## What is Retrieval Augmented Generation or RAG?

- Retrieval-Augmented Generation (RAG) is a powerful framework that integrates retrieval into the sequence generation process. 
- Essentially, RAG operates by fetching relevant documents or data snippets based on a query and then using this retrieved information to generate a coherent and contextually appropriate response. This method is particularly valuable in fields like chatbot development, where the ability to provide precise answers derived from extensive databases of knowledge is crucial.
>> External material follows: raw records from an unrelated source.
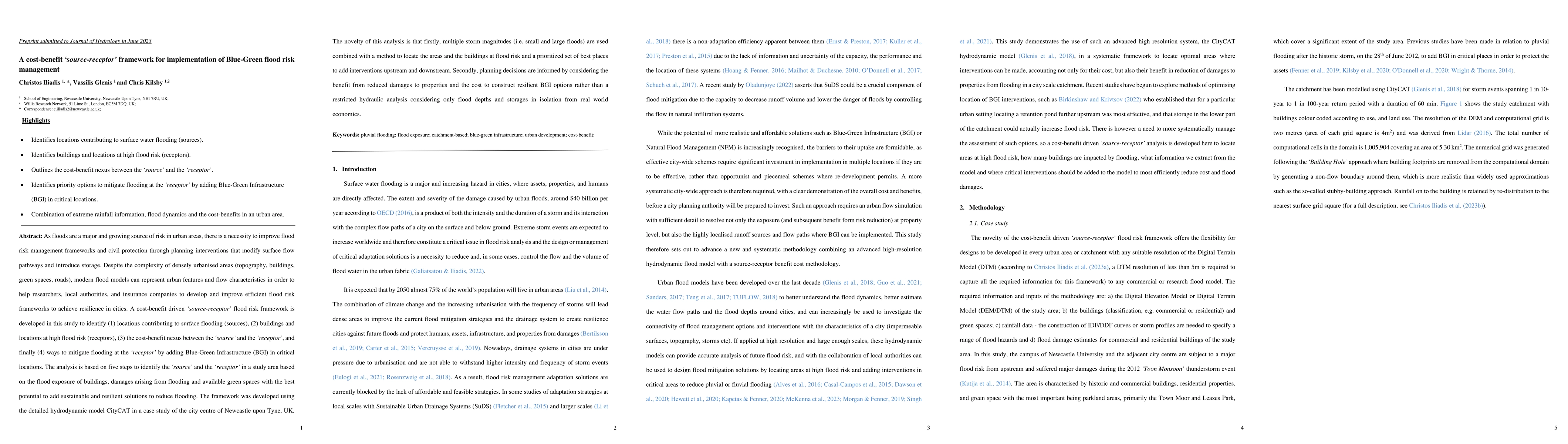 This paper introduces a cost-benefit driven source-receptor framework for Blue-Green flood risk management, utilizing modern urban flood models to identify flood-prone areas and high-risk buildings. It prioritizes strategic locations for Blue-Green Infrastructure to mitigate flooding while considering economic benefits and costs, demonstrating this approach in Newcastle upon Tyne.
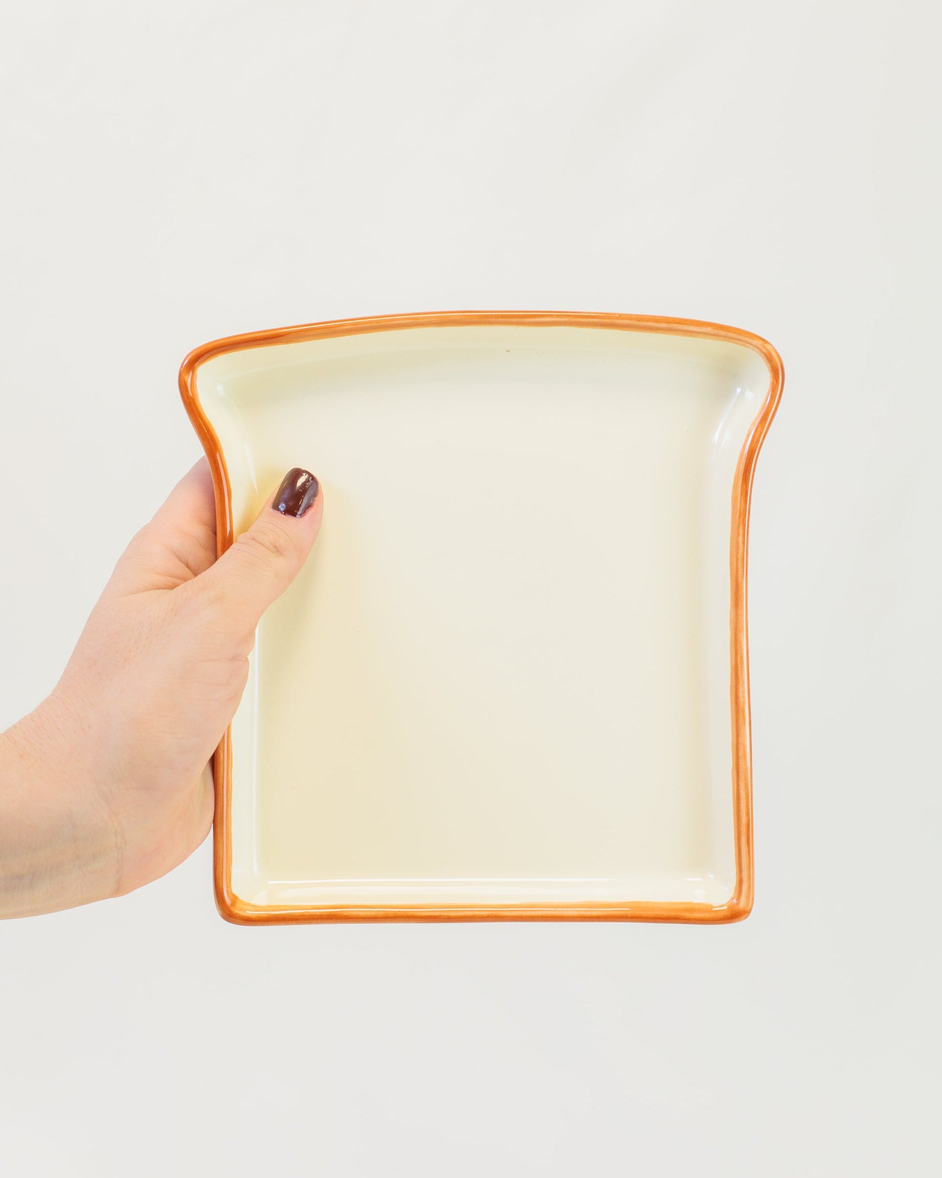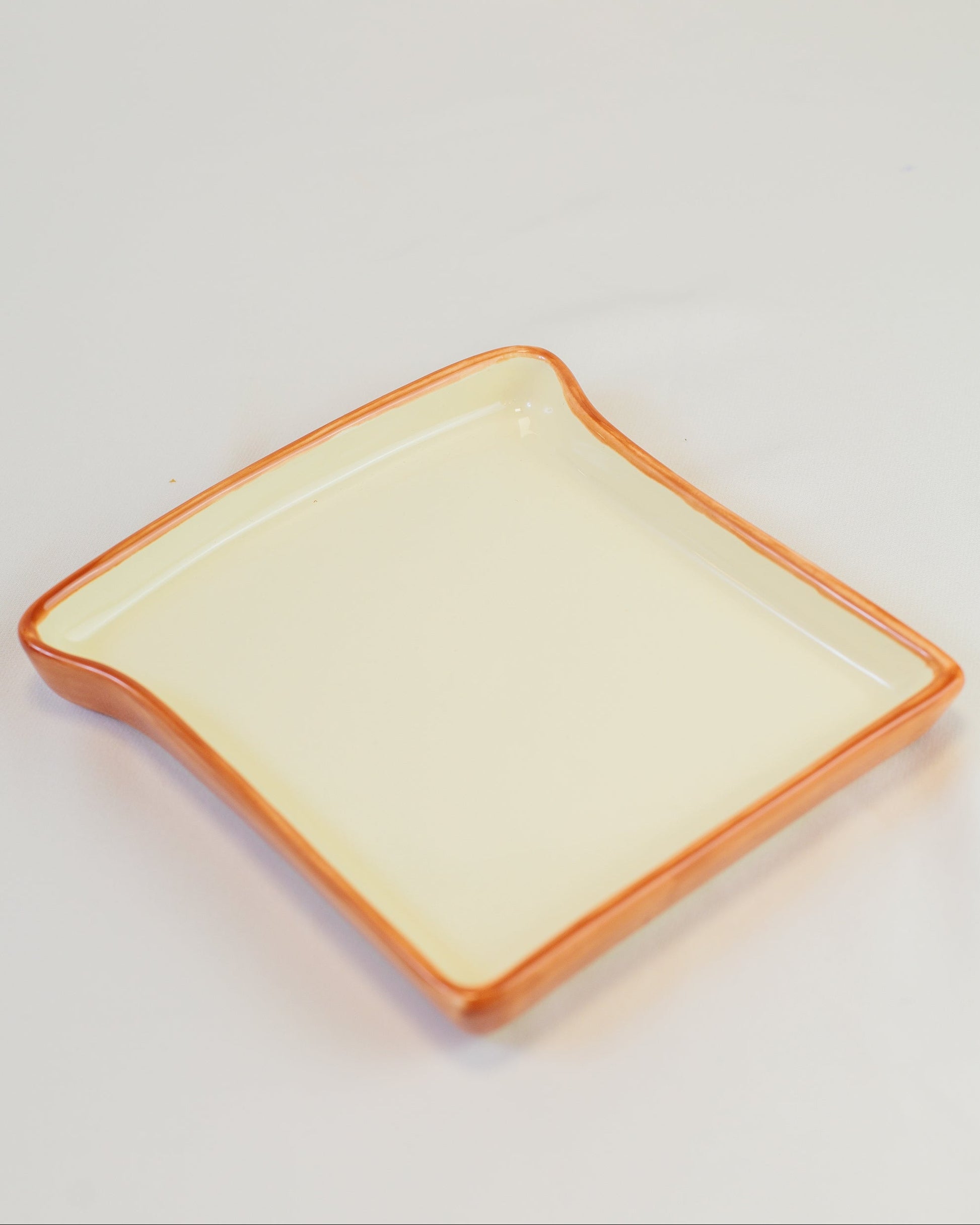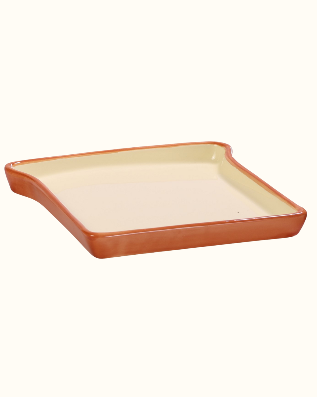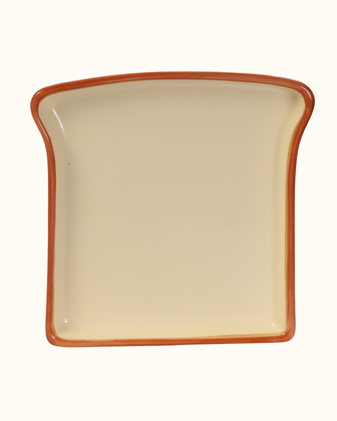 Prato em formato de pão de forma, feito em cerâmica pintada à mão
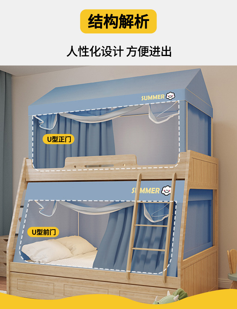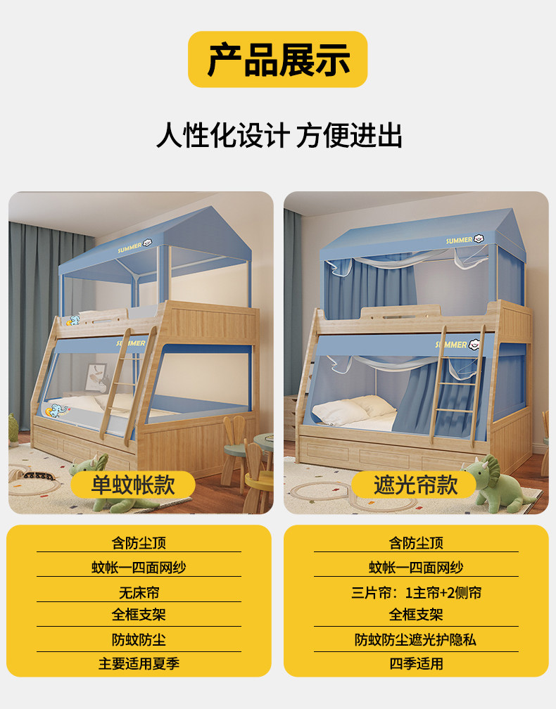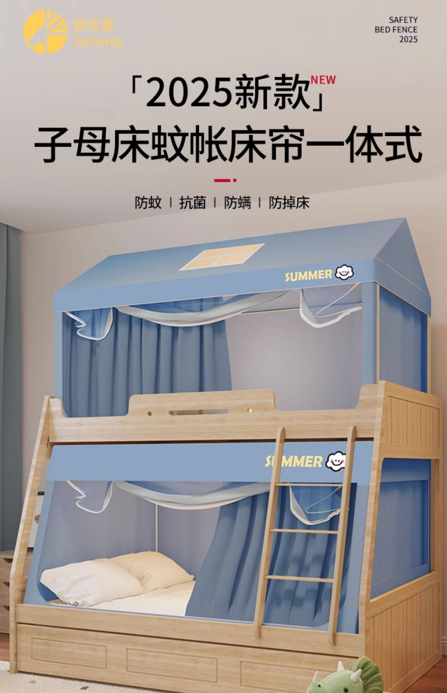 Mosquito Net for Bunk Bed, Blackout Bed Curtain, All-In-One Integrated Design, Special for Bunk Beds, 2025 New Model, Children's Bunk Bed Mosquito Net
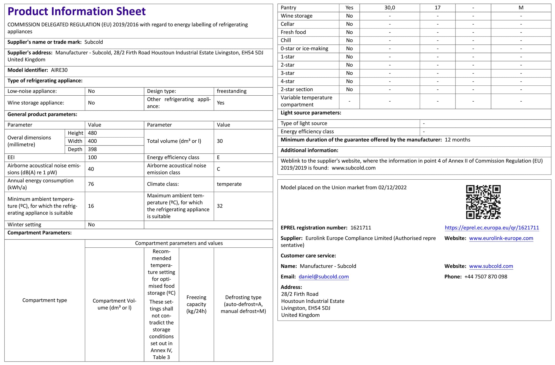 The Subcold Aire30 is equipped with premium thermoelectric technology cooling for optimum performance. It is a very economical fridge with an impressive energy consumption of only 76kWh / per Year
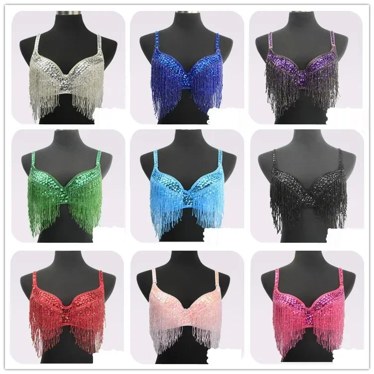 Belly dance costumes senior sexy sequins tassel beads belly dance bra for women belly dancing bra tops
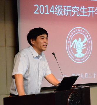 学院学术委员会主任叶志镇教授首先发表讲话,他说,作为研究生第一重点就是要遵纪守法、端正学风,做学问要养成良好的科研态度,“像外行一样思考,像专家一样认真实践”,在科研的道路上把握方向,不懈努力。随后,主管研究生教育工作的陈立新副院长作《材料学院研究生教学培养简介》报告。陈老师立足学院实际情况,介绍了学院的软硬件条件与管理制度,深化了研究生课程与培养体系的重要意义,陈老师的报告细化要点,着重强调了今年的新政策新变化,为在场同学解答了许多心中的疑惑。

- RAG fundamentally enhances the natural language understanding and generation capabilities of models by allowing them to access and leverage a vast amount of external knowledge. The approach is built upon the synergy between two main components: a retrieval system and a generative model. 
- The retrieval system first identifies relevant information from a knowledge base, which the generative model then uses to craft responses that are not only accurate but also rich in detail and scope.

### Motivation behind RAGs

- LLMs are trained on enormous bodies of data but they aren't trained on **your** data. 
- Retrieval-Augmented Generation (RAG) solves this problem by adding **your** data to the data LLMs already have access to. Query engines, chat engines and agents often use RAG to complete their tasks.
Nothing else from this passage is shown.